__Task goal__.
For this exercise, write out each entry below exactly, omitting the images.

__Given data__.
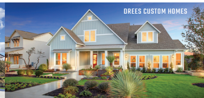
DREES CUSTOM HOMES

708 HEADWATERS BOULEVARD | DRIPPING SPRINGS, TX 78620
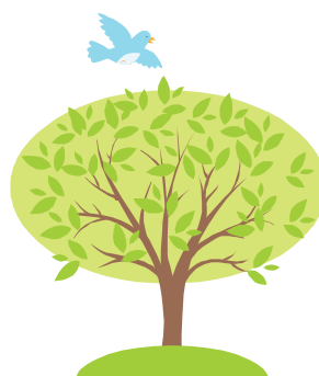
New goals for a new year

If you student is communicative with you about school (many probably are not) ask them about their
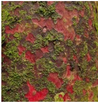
#8 Prumnopitys taxifolia Kauri Grove

__Finished exercise__.
DREES CUSTOM HOMES

708 HEADWATERS BOULEVARD | DRIPPING SPRINGS, TX 78620
New goals for a new year

If you student is communicative with you about school (many probably are not) ask them about their
#8 Prumnopitys taxifolia Kauri Grove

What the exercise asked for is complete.